§ **Task item**: Exactly the lines from the line containing "Chaussettes Doré Doré" through the final line of the entries below must be returned, and only those, without pictures.

§ **Provided records**:
---------------
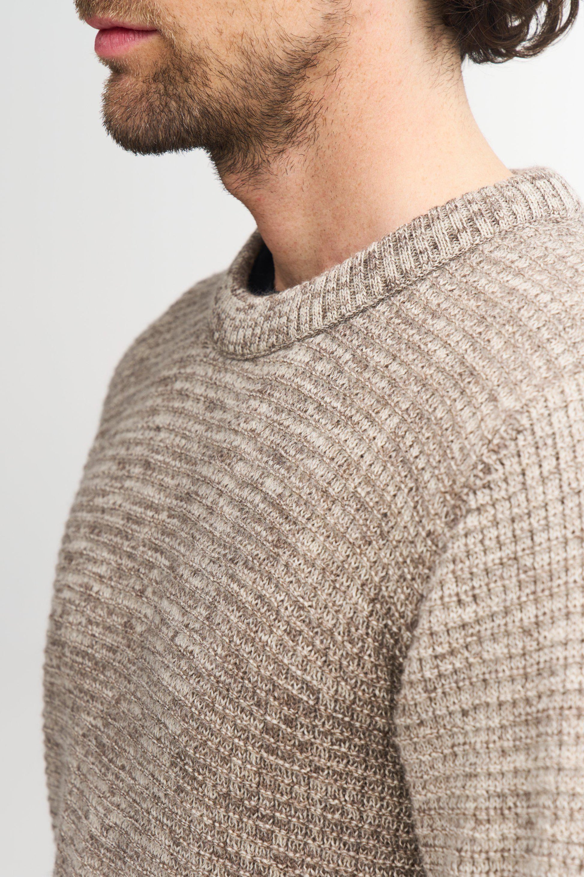Een mooie klassieke trui met ronde hals (crewneck). De trui is structuurgebreid en heeft ribgebreide boorden en manchetten en is voorzien van een Ivanhoe embleem op de linker mouw. Deze trui komt uit de NLS serie, gebreid in 100% zuivere ongeverfde wol.  Een tijdloze klassieker waar je jaren plezier van zult hebben!
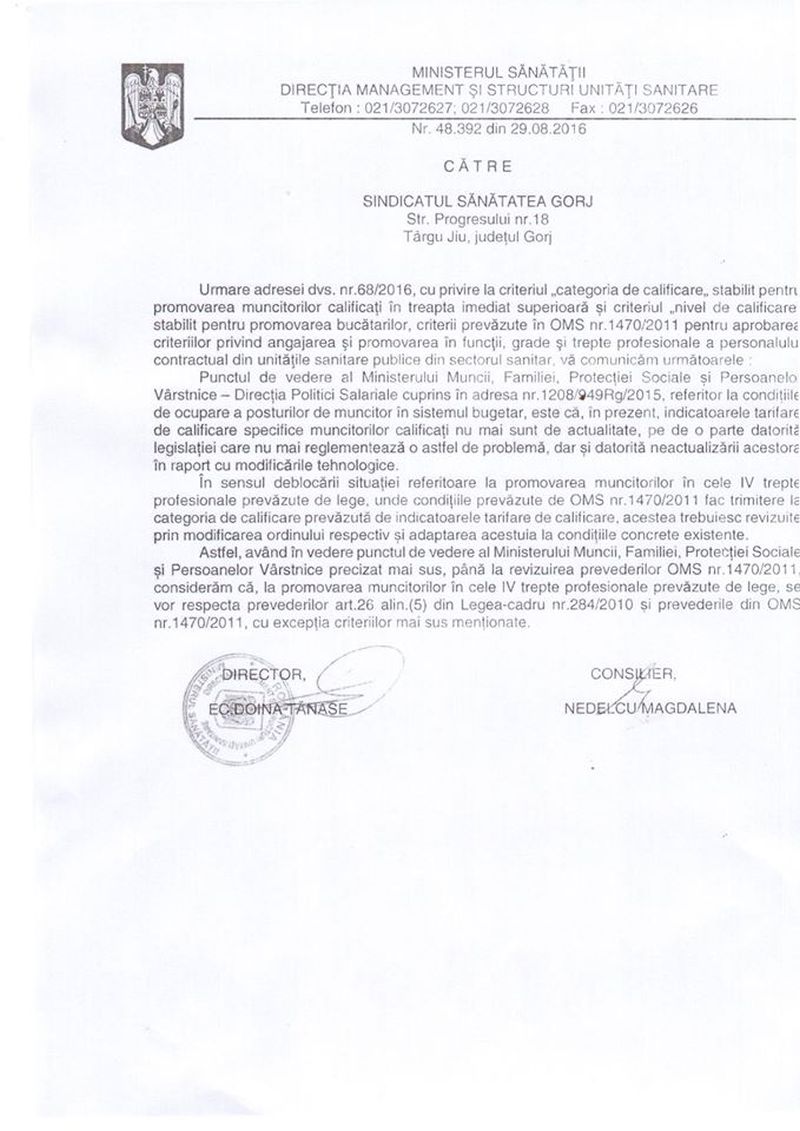 Potrivit conducerii Sindicatului “Sănătatea” Gorj, HG 286/2011, Titlul II, Promovarea în grade sau trepte profesionale imediat superioare a personalului contractual din sectorul bugetar plătit din fonduri publice și Regulamentul de organizare și desfășurare a examenelor de promovare în grade sau în trepte profesionale, aprobat prin act administrativ al ordonatorului principal de credite nu prevede condiții specifice sau speciale pentru anumite categorii profesionale, în speță bucătari, muncitori și așa mai departe. “De aceea, noi am solicitat răspunsul Direcției Generale de Resurse Umane, Juridic și Contencios din cadrul Ministerului Sănătății în vederea evitării unor conflicte de muncă iminente, având în vedere blocajul existent în procedura de promovare a muncitorilor, pornind de la refuzul unităților sanitare de a promova această categorie profesională pe motiv că nu îndeplinește condițiile stabilite de OMS 1470/2011, respectiv nu au dovada susținerii și promovării în categorie sau nivel profesional”, menționează Măruță.
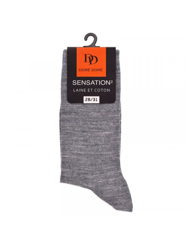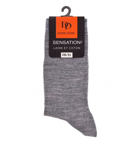 Chaussettes Doré Doré Sensation2 gris clair sont en laine mérinos et coton égyptien. La laine restitue la chaleur tandis que le coton apporte la douceur au contact de la peau. Ces chaussettes sont fines et élégantes. Les pointes sont remaillées maille à maille et sont imperceptible dans la chaussure. Bord élastique confort ne comprimant pas la jambe. Taillage et forme optimisés. Confort absolu. Produit unique et novateur en termes de confort et de durée de vie.
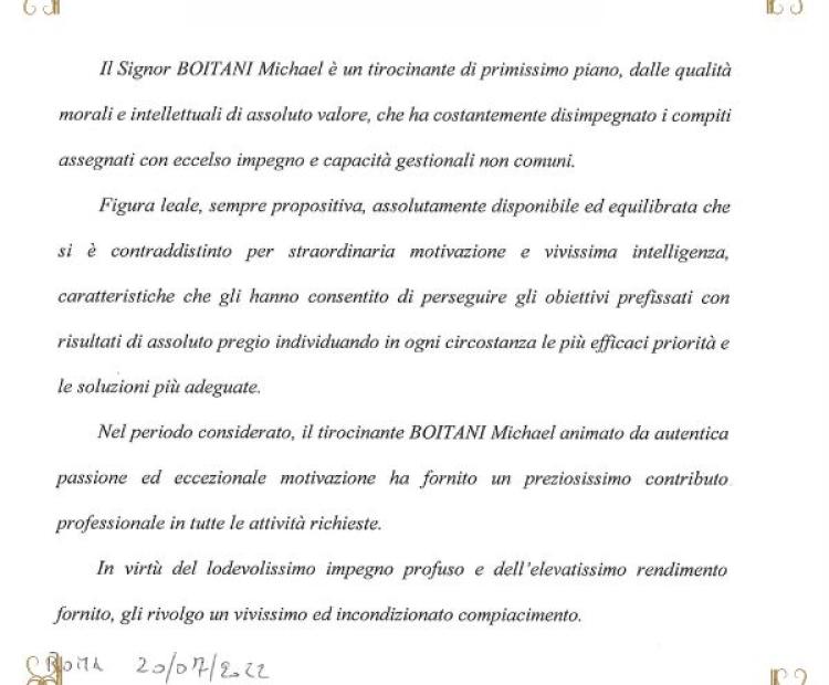 Al termine del Tirocinio presso una Struttura un nostro Allievo ha
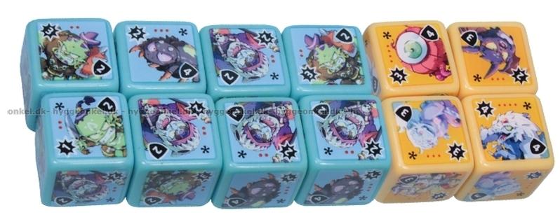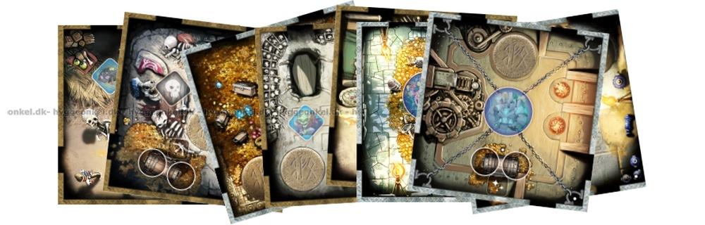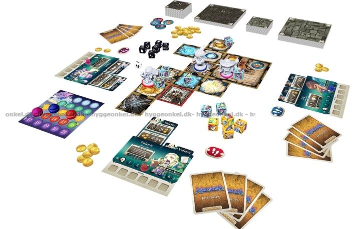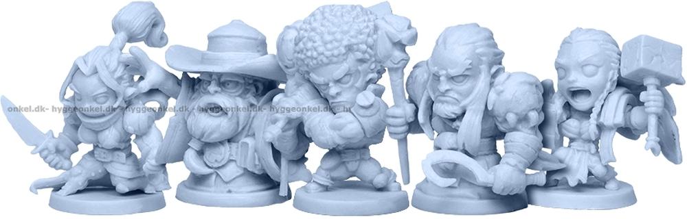5 miniatyrfigurer i plast, tärningar, brickor, kort och marker.
---------------
§ **Worked solution**:
 Chaussettes Doré Doré Sensation2 gris clair sont en laine mérinos et coton égyptien. La laine restitue la chaleur tandis que le coton apporte la douceur au contact de la peau. Ces chaussettes sont fines et élégantes. Les pointes sont remaillées maille à maille et sont imperceptible dans la chaussure. Bord élastique confort ne comprimant pas la jambe. Taillage et forme optimisés. Confort absolu. Produit unique et novateur en termes de confort et de durée de vie.
 Al termine del Tirocinio presso una Struttura un nostro Allievo ha
5 miniatyrfigurer i plast, tärningar, brickor, kort och marker.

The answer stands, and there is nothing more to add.